Linear search is simple to implement, it can be used whether the array/list is sorted or not and can be used on arrays/lists of any data type. It's well suited for small datasets but has a time complexity of O(n), which makes it slow for large datasets.

Binary search:

Also known as half-interval search, logarithmic search, or binary chop, is a search algorithm that finds the position of a target value within a sorted array.

Binary search compares the target value to the middle element of the array. If they are not equal, the half in which the target cannot lie is eliminated and the search continues on the remaining half, again taking the middle element to compare to the target value, and repeating this until the target value is found.

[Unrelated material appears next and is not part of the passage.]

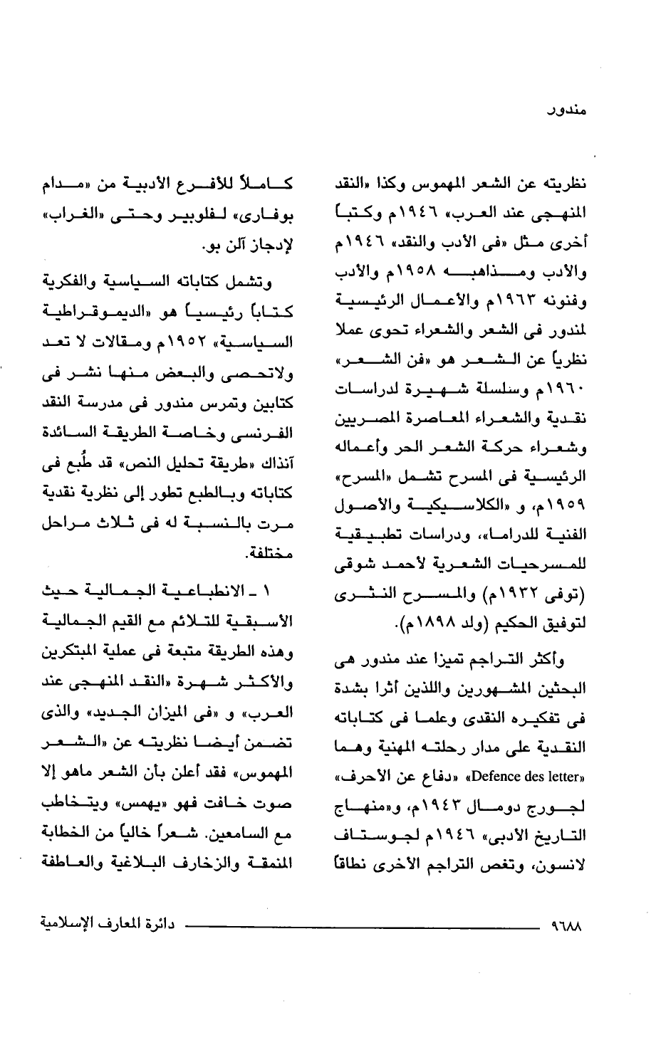 نظريته عن الشعر المهموس وكذا "النقد المنهجى عند العرب" 1946 م وكتبًا أخرى مثل "فى الأدب والنقد" 1946 م والأدب ومذاهبه 1958 م والأدب وفنونه 1936 م والأعمال الرئيسية لمندور فى الشعر والشعراء تحوى عملا نظريًا عن الشعر هو "فن الشعر" 1960 م وسلسلة شهيرة لدراسات نقدية والشعراء المعاصرة المصريين وشعراء حركة الشعر الحر وأعماله الرئيسية فى المسرح تشمل "المسرح" 1959 م، و"الكلاسيكية والأصول الفنية للدراما"، ودراسات تطبيقية للمسرحيات الشعرية لأحمد شوقى (توفى 1932 م) والمسرح النثرى لتوفيق الحكيم (ولد 1898 م).

If the search ends with the remaining half being empty, the target is not in the array.

Binary Search can be implemented as iterative or recursive method as shown on the pseudocode.

Iteration method:

# Iterative method

binarySearch(arr, x, low, high)
        repeat till low = high
               mid = (low + high)/2
                   if (x == arr[mid])
                   return mid
   
                   else if (x > arr[mid]) // x is on the right side
                       low = mid + 1
   
                   else                  // x is on the left side
                       high = mid - 1

Recursive method:

# Recursive method

binarySearch(arr, x, low, high)
           if low > high
               return False 
   
           else
               mid = (low + high) / 2 
                   if x == arr[mid]
                   return mid
       
               else if x > arr[mid]        // x is on the right side
                   return binarySearch(arr, x, mid + 1, high)
               
               else                        // x is on the left side
                   return binarySearch(arr, x, low, mid - 1) 

Faster than linear search, especially for large arrays. The loogaithmic time in the worst case scenario is O(log n), however the array must be sorted. This adds at least an additional O(n log n) time complexity for the sorting step.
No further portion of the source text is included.